Nel libro ci sono le testimonianze dei figli perugini Matteo e Gaia, curate e vere alla stregua della mamma e tantissimo altro: un lavoro ciclopico di foto (anche con Burri), documenti, racconti, aneddoti. Basta spoiler.

Il filo conduttore è la penna di Sampaolo (anche lui si concede un po’ con qualche storia personale), uno che chi stende questo pezzo ha visto scrivere articoli con una vecchia Olivetti (nemmeno sua) senza metterci penna.
Stavolta ci dice, asciutto senza farci lezioni, perché il Tigre occupi un posto così importante nella storia del Perugia. Una maglia con la quale ha collezionato 175 presenze con due gol, uno in Serie A. Solo uno, ma considerato (a ragione) il gol del secolo.

Una rete che - ironia della sorte della storia di una provinciale - non dà una vittoria.

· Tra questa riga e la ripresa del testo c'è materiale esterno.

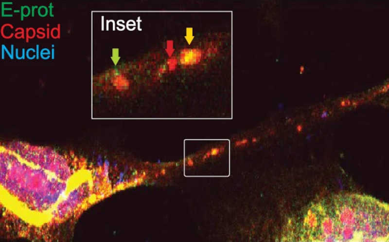 Для проверки функциональной роли нанотрубок в данной модели исследователи окрашивали культуры зараженных клеток антителами к структурным белкам оболочки и капсида вируса. В нанотрубках наблюдались участки колокализации этих двух белков.
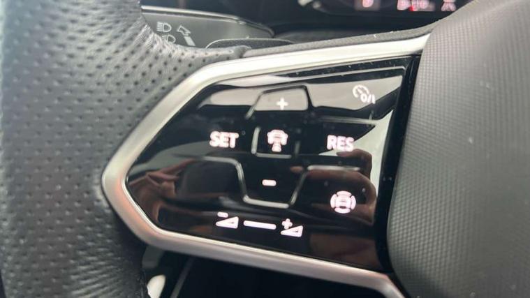 Adaptive cruise control (ACC) with speed limiter and front assist (reacting to vehicles pedestrians and cyclists), Car2X communication, Digital cockpit pro - 10.25" high resolution TFT dash display screen with customizable menus and information, Driver alert system, Dynamic road sign display, eCall - Emergency call service for SOS calls to emergency response, Lane assist, Mobile phone interface with wireless inductive charging function, Multifunction camera for distance control, PAS, Speedo, rev counter, electronic odometer, trip, service interval display, exterior temperature and fuel gauge, Start/Stop function, USB-C ports in the front and rear centre console with increased charging performance, Warning buzzer and light for front seatbelts unfastened, Wireless app connect, Petrol Particulate Filter, XDS electronic differential lock for improved traction and handling, Premium USB cable in choice of either Apple or Android smartphone compatibility, Ambient lighting, exterior illuminated styling elements at the sides, Auto dimming rear view mirror, Automatic headlamp activation with Coming home and Leaving home feature, Automatic headlights, Body colour door handles, Body colour door mirrors with integrated indicators, Body colour rear roof spoiler, Electrically heated and adjustable door mirrors with memory feature, Front and rear electric windows, Heat insulating glass windscreen, Heated rear windscreen, High level 3rd brake light, Highway light, LED License plate illumination, R Line body coloured bumpers, Rain sensor, Rear fog light on one side and reversing lights on both sides, Rear lights incorporating LED technology, Rear side wing doors, Rear tinted glass 65% light absorbing from B pillar backwards, Rear windscreen washer and wiper with interval delay, Welcome light, 12V socket in front centre console, 12V socket in luggage compartment, 3 rear head restraints, 3 seat bench in 2nd row, Ambient lighting - Customisable 30 colour ambient lighting, Black roof lining, Brushed stainless steel pedals, Chrome plated surround to electric mirror button, window switch and air vent surrounds, Drivers and front passengers sun visors with vanity mirrors, Front + rear carpet mats, Front centre armrest with storage compartment, Front cupholders x 2, Front passenger seat, Front reading lights x 2 incorporating LED technology, Front seat lumbar support adjuster, Front sports seats, Glovebox, Height adjustable front seats, Height and reach adjustable steering wheel, Isofix child seat preparation for 2 rear child seats and front passenger seat, Luggage compartment lighting, R Line door and side trim panel, R Line front seats integrated head restraints, R-Line leather wrapped multi function sports heated steering wheel, Removable luggage compartment cover, Sardegna cloth upholstery with front and outer rear seats Art Velour inner sides of bolsters, Split folding backrest with centre armrest and unsplit rear seat bench, Titanium black instrument panel, Woven fabric storage compartments in front and rear doors, 3 point height adj front seatbelts + pretensioners, 3 rear three point seatbelts, ABS, Child locks on rear doors, Driver and front passenger airbag with front passenger airbag deactivation, Drivers and front passengers safety optimised head restraints, Electronic parking brake with auto hold, ESC (Electronic Stability Control), Extended pedestrian protection measures, Front and rear passengers curtain airbag system including front side airbags, Front centre airbag, Front disc brakes, Front side airbags with curtain airbags, Rear disc brakes, Two tone horn, Tyre pressure monitoring system, Alarm with interior protection and deactivation via infotainment system, Electronic engine immobiliser, Carbon grey decorative inserts in dash and front door trim panels, High gloss black centre console,

È un pareggio. Leggendario. Minuto 93, sotto la Curva Nord, contro l’Inter. Il 2-2 di testa del terzino: l’unica partita che il Grifo dell’imbattibilità ha rischiato di perdere. È il 4 febbraio 1979 e i fotografi avevano riposto le macchine a colori per avviarsi negli spogliatoi. Un gol, quello di Cecco, in una sfida da atmosfera inglese, ad alta tensione emotiva col primo tempo dominato dalla Beneamata; rete che non ribalta il mondo ma lo tiene miracolosamente in piedi: in provincia funziona così.
Sono passati dieci anni dalla morte di Ceccarini e il fatto che quel gol continui a tornare alla memoria dice molto più di qualsiasi anniversario. Il segno che alcune figure - come la sua - non scoloriscono, perché non sono state costruite sull’enfasi, ma sulla sostanza.

È anche da questo corto circuito - un gol eterno che vale “solo” un pari - che il cronista che quella squadra ha seguito e respirato, racconta il nostro Tigre. Un soprannome che non è letteratura: Ceccarini non cercava la scena, stringeva i denti, marcava e spingeva. Soprattutto non usciva più dalla partita.
Ha lasciato in eredità concentrazione, forza d’animo, generosità, ostinato senso del dovere.
È entrato nella memoria dei tifosi per ciò che non faceva: niente scorciatoie, zero proclami. In una stagione irripetibile, come nelle altre in biancorosso, è stato uno di quelli che hanno garantito tenuta mentale e affidabilità.
Così era l’uomo. La voce della moglie, dicevamo, è decisiva: ricorda il primo incontro (e la prima cena fuori con Romedio Scaia e signora), uno sguardo, una normalità mai tradita. Perché Ceccarini, uomo fino in fondo, non ha mai separato il lavoro dalla vita privata. È stato sempre uguale a se stesso, anche lontano dai riflettori.

Grazia rivela che poteva andare al Verona che poi vinse lo scudetto, a prendersi quello che aveva sfiorato a Perugia nel ‘79 e invece in estate scelsero Foligno. Ma che fa?! Acqua passata (avevamo detto stop spoiler, però,). Ci sono poi i figli, nel libro. Non come concessione emotiva, ma come misura del tempo e peso del contenuto. Crescere accanto a un padre così significa ereditarne il metodo: rispetto, responsabilità, sobrietà. Questo bagaglio urla ancora. Spiega perché Ceccarini sia rimasto così profondamente nella memoria e nell’immaginario collettivo: non ha mai cercato di essere un simbolo, lo è diventato proprio per questo.

In definitiva il volume del nostro Claudio Sampaolo non celebra. Fa qualcosa di più difficile: ordina il ricordo, mette a fuoco. Storicizza.
Racconta un gol in 9 contro 11 ( Vannini, un altro dei grandi finì quel giorno la carriera per un grave infortunio) che vale come una vittoria, un difensore che diventa coscienza collettiva, una famiglia che restituisce profondità all’icona. Tigre è un libro che somiglia al suo protagonista: non alza la voce, non indulge, non forza l’epica. Ceccarini resta anche se manca. E a dieci anni di distanza, restare è forse davvero, la forma più rara di vittoria. Non era “solo” un pari Cecco, valeva molto di più.